**THE PROBLEM**
Return only the lines of the data below from the line with "Flexible Spring hinges" up to and including the line with "FTIR spectra: (A)", exactly as written, with the pictures omitted.
MATERIAL FOR THE TASK: Begin
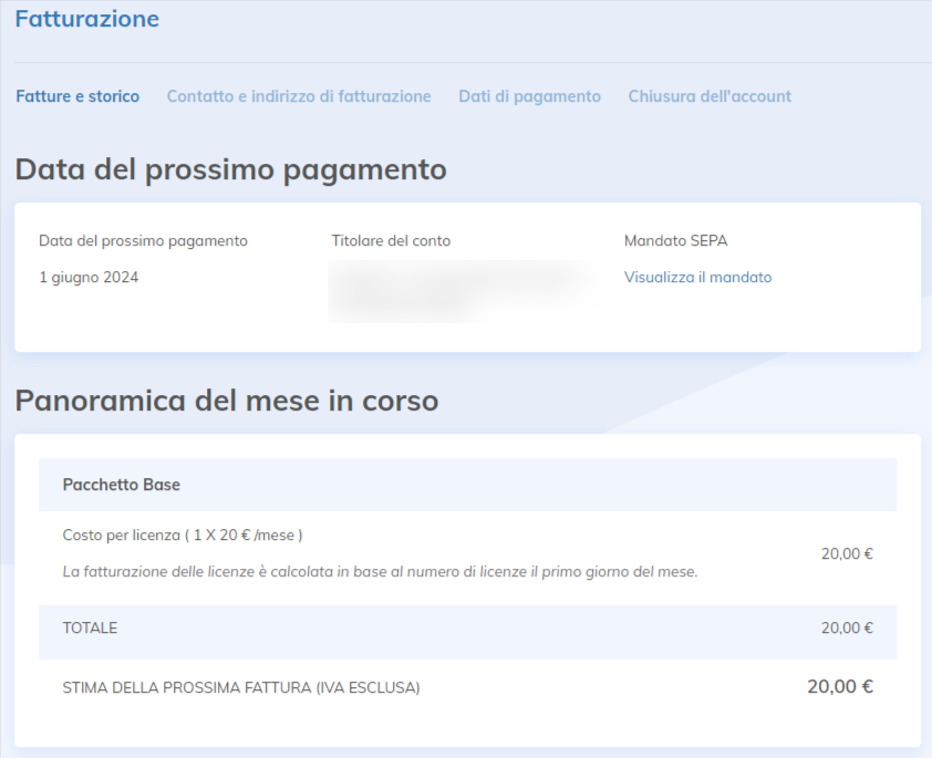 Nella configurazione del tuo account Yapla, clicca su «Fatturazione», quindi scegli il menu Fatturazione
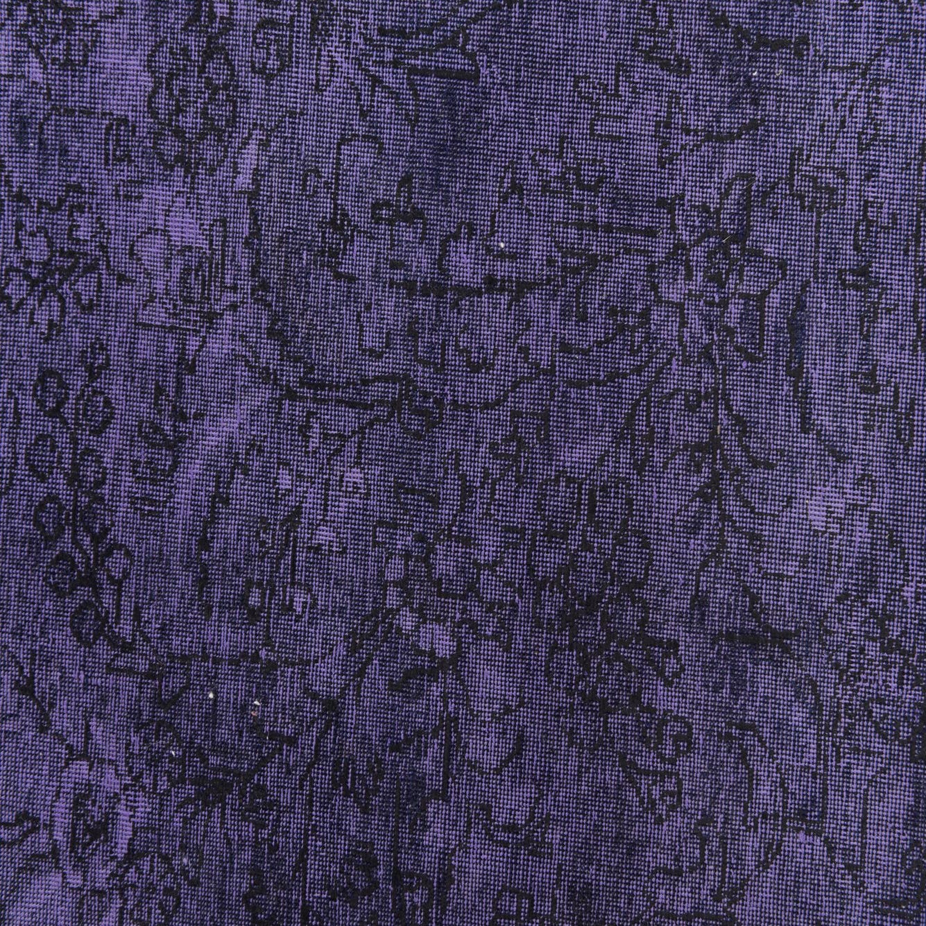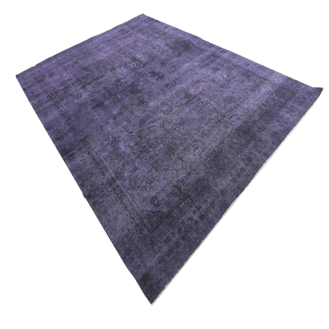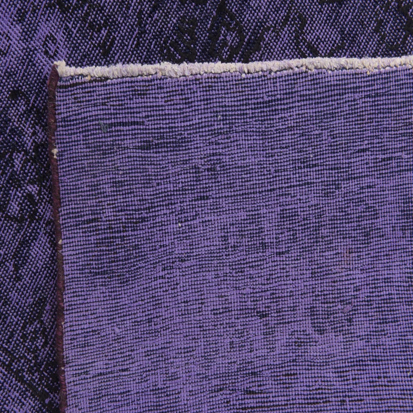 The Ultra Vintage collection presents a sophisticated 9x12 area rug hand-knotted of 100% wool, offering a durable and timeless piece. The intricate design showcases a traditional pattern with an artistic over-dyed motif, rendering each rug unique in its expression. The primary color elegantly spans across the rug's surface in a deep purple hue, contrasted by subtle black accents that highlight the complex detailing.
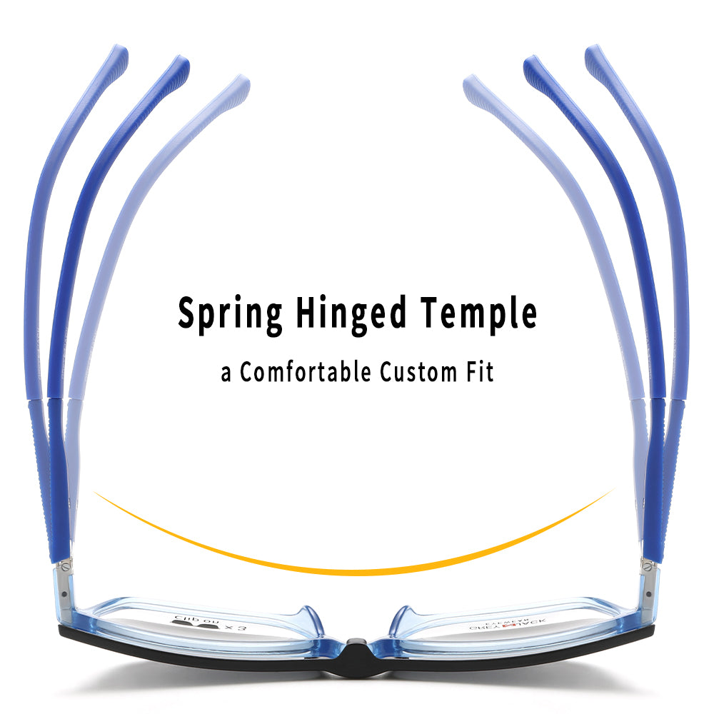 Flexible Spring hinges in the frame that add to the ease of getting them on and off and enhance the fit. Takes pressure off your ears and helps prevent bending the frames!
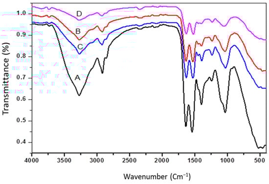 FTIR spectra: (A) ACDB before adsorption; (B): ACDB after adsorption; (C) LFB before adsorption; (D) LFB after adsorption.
MATERIAL FOR THE TASK: End
MATERIAL FOR THE TASK: Begin
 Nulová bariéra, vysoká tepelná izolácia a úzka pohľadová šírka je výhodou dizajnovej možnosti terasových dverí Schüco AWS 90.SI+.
MATERIAL FOR THE TASK: End
**SOLUTION FOR THIS EXERCISE**
 Flexible Spring hinges in the frame that add to the ease of getting them on and off and enhance the fit. Takes pressure off your ears and helps prevent bending the frames!
 FTIR spectra: (A) ACDB before adsorption; (B): ACDB after adsorption; (C) LFB before adsorption; (D) LFB after adsorption.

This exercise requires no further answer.